The Neng Gao Historic Trail 能高越嶺古道, like so many of Taiwan’s Historic trails, was originally built by the Japanese to help control and subdue the aboriginal tribes that lived in that area. After some time, the occupying Japanese began a project to use the trail to build and maintain power lines that run from the west to the more remote east coast but this was delayed by the onset of World War Two. Eventually the power lines were built by the Taipower company after the Japanese left Taiwan and they still remian today.
As this weekend was the Tomb-sweeping festival, we set off from Taipei for Nantou 南投 at around 3.30am to avoid the worst of the traffic. It was plain sailing and we arrived at the police station in Lushan 廬山(the last one you come to) at around 8am.
The policeman seemed a bit bewildered as to why we were bothering with the permits but it’s always best to do these things properly in-case something goes wrong on the mountain. From the police station it was a steep drive up a very dodgy road to the trailhead and car park.
The rock in the part of Taiwan is mostly shale and slate and it is very prone to landslides. As soon as we started on the hike, we came to the first sections of missing road. However this was over very quickly and the road was in a decent state for most of the way to the first hut.
After a quick break at the hut, we carried on and came to the first of two huge landslides. It was very eerie crossing the scree and broken shale in the mist as we couldn’t see the bottom of the valley and had no idea just how far we could potentially fall. The whole landslide is about 1km long and when this part of the trail went, it must have been a tremendous sight.
After the landslides we continued along the path. It got steep in a few places and very precarious in others. Amazingly there are some people who still drive motorbikes along the trail though it seems they have a number bikes staggered and walk across the worst parts to the next bike.
All along the trial we spotted white and pink flower blooming and the path was also covered with the fallen petals.
They are several suspension bridges to cross, all of which have a limit of five people and luckily for us we had that exact number in our group. The final bridge passes by a 3 tier waterfall that has a beautiful pool at the bottom which would make an awesome place to cool down in in the summer time.
At about 3pm we made it to the Tianchi Cabin 天池山莊. It’s fairly grotty but the camping ground outside is nice. We considered staying there but as it was still early, we decided to carry on up trail to the Tianchi pond.
This part of the path is super steep and we could all feel the altitude. Also the weather began to close in and by the time we got to the lake, we were surrounded by mist with an absolute gale blowing. It was freezing cold and so we went back down the path about 5 mins to a more sheltered wooden platform and set up camp for the night.
The next day we were up relatively late for us, at 6am, and headed up towards the Qilai South Peak. The mist from the previous day was still there as was the wind which made it hard going.
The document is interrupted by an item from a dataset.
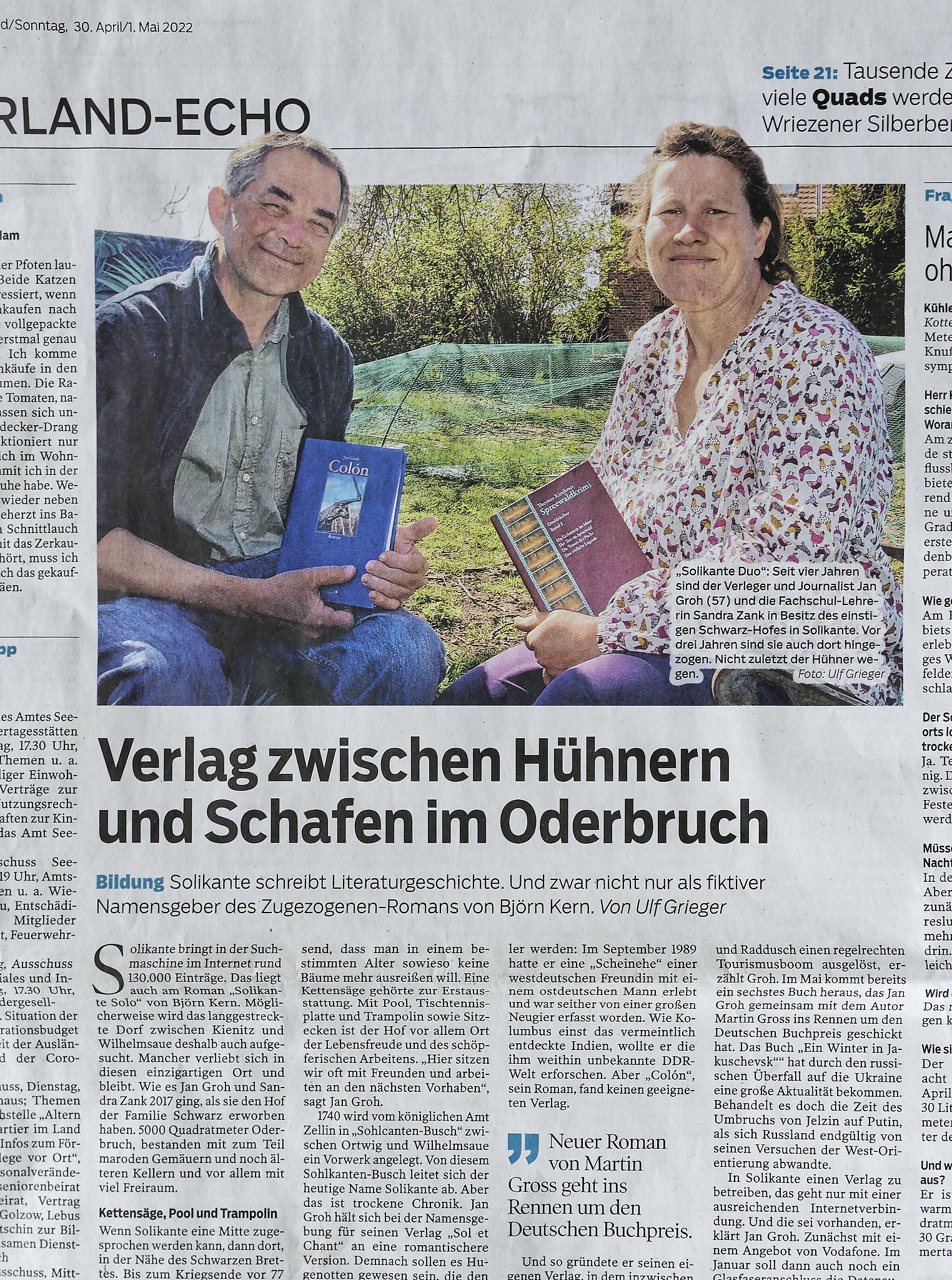 Es ist eine große Nachricht für unseren kleinen Verlag:

Unfortunately there were no views from the top but as we descended the clouds would briefly disappear giving a us chance to see some of the surrounding peaks and valleys.
After packing up we walked back out the same way we came in, passing by loads of cyclists who were spending a day riding to the Tianchi cabin and out. The weather also got a bit better and we all managed to get slightly sunburnt!
Itineries – There are so many different itineries to follow here. In and out like the hike we did just requires 2 days. However with more time it’s possible to hike all the way over to Hualien but a trip like that would require a driver at either end to drop you off and pick you up on the other side.
Another possibilty is to hike the whole of the Qilai ridge and come out on Hehuanshan or even head south and hike to Aowanda.
Have look at Sunriver maps for some ideas of times and distances.
Permits – For this hike you just need three things and they all need to be in triplicate;
1. A mountain entry permit – This takes a few days to process and can be done online. Beware, the site only works with internet explorer! Fill in the form, wait a few days, log in again and the permit should be there ready to print. (They won’t send you an email to say it’s ready)
2. A name list – A list of group members, addresses, phone numbers etc……
3. A schedule plan – This is your intended plan and an utterly useless map that looks like it was drawn by a three year old! The one in the link may need to be changed depending on your own plan. Ask a Taiwanese friend to help if you can’t read/write Chinese.
And that’s all….. I always like to get this all done before I head out as it makes registering at the police station so much easier and quicker.
The hike – There are lots of sources for water along the way. The Tianchi cabin has running water and toilets. Though it’s always best to boil the water before drinking it.
The Tianchi cabin can be booked. Call 049-2982155 to make a booking. If going on the weekend, plan to book early as the spaces go quickly. THE CABIN NO LONGER EXISTS. A NEW ONE IS CURRENTLY BEING BUILT SO HIKERS MUST CAMP.